## Task goal
All entries need to be written out again exactly, without their pictures.

━━ Records ━━

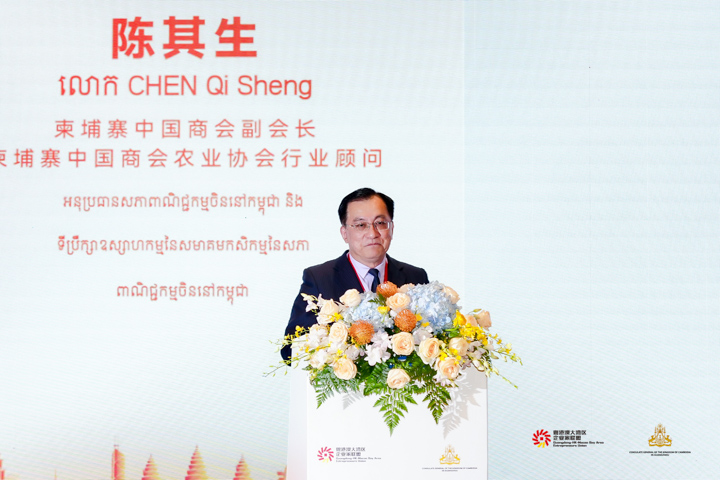 推介环节上,柬埔寨中国商会副会长、柬埔寨中国商会农业协会行业顾问陈其生介绍柬埔寨投资环境,推介柬埔寨发展机遇。
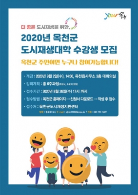 옥천군과 옥천군 도시재생지원센터는 18일부터 26일까지 도시재생대학을 홍보하고 교육신청서를 받는다.
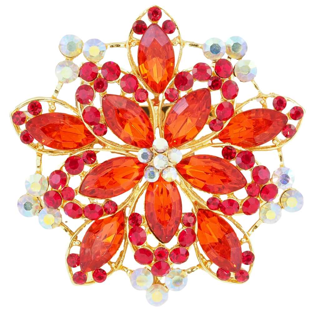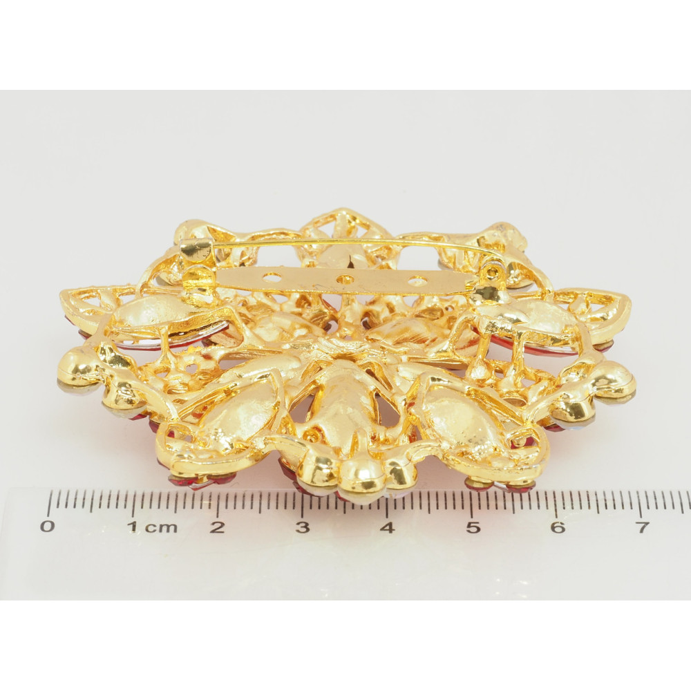 Брошь Цветок с красными стразами
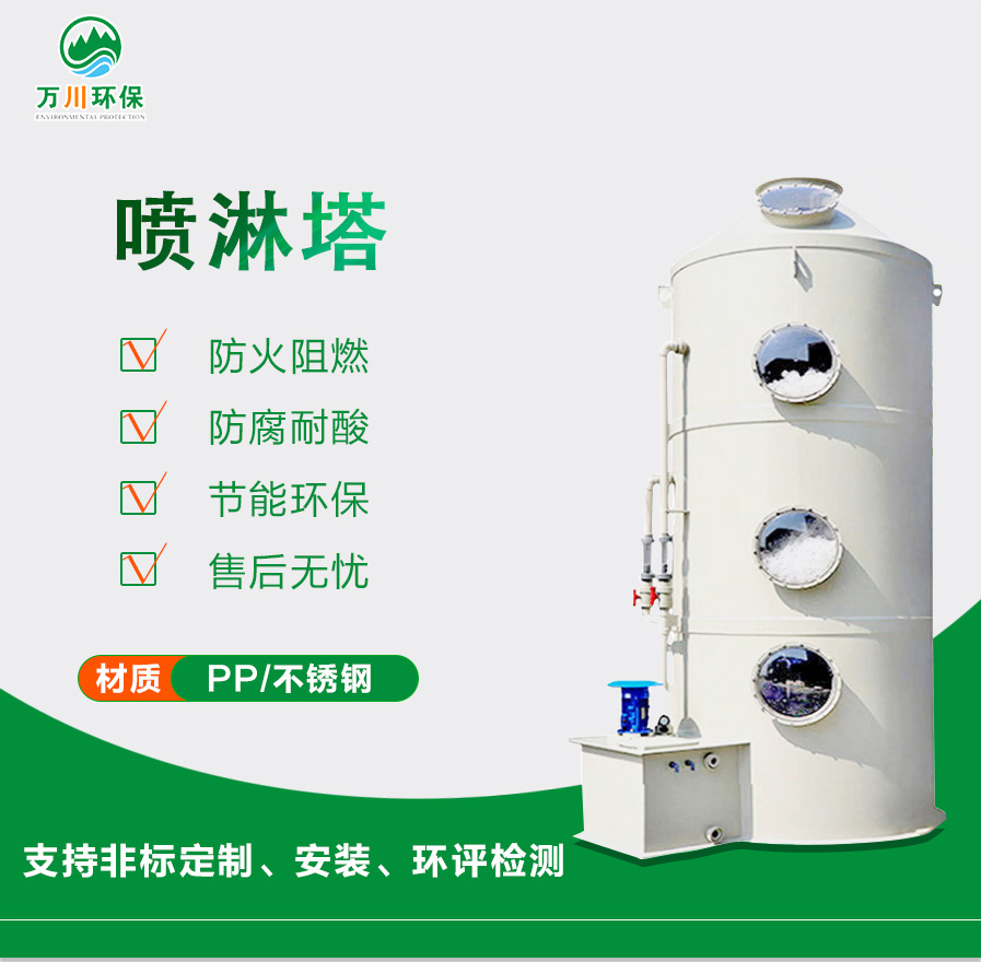 噴淋塔(俗稱:水淋塔)是一種處理煙塵廢氣的濕式環保設備,可適用于發電廠燃燒煙塵、鋼鐵廠、鍋爐燃燒、垃圾燃燒等煙塵廢氣處理,這類的煙氣粉塵容易溶于水,噴淋塔是處理這類煙氣粉塵的不二之選。煙氣粉塵從塔底進入塔內,塔內有填料支撐板,噴淋塔從塔頂噴出液體,液體均勻的分布在塔內和污染物充分接觸,達到凈化的效果,最后塔頂排出。
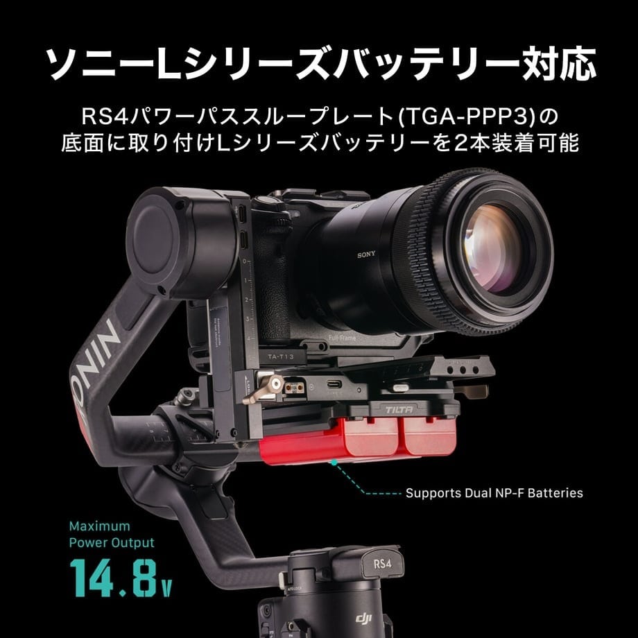 このLシリーズバッテリープレートは、RS4パワーパススループレートの底面に取り付け、デュアルソニーLシリーズバッテリーで駆動することができます。

━━━

## Written solution
 推介环节上,柬埔寨中国商会副会长、柬埔寨中国商会农业协会行业顾问陈其生介绍柬埔寨投资环境,推介柬埔寨发展机遇。
 옥천군과 옥천군 도시재생지원센터는 18일부터 26일까지 도시재생대학을 홍보하고 교육신청서를 받는다.
 Брошь Цветок с красными стразами
 噴淋塔(俗稱:水淋塔)是一種處理煙塵廢氣的濕式環保設備,可適用于發電廠燃燒煙塵、鋼鐵廠、鍋爐燃燒、垃圾燃燒等煙塵廢氣處理,這類的煙氣粉塵容易溶于水,噴淋塔是處理這類煙氣粉塵的不二之選。煙氣粉塵從塔底進入塔內,塔內有填料支撐板,噴淋塔從塔頂噴出液體,液體均勻的分布在塔內和污染物充分接觸,達到凈化的效果,最后塔頂排出。
 このLシリーズバッテリープレートは、RS4パワーパススループレートの底面に取り付け、デュアルソニーLシリーズバッテリーで駆動することができます。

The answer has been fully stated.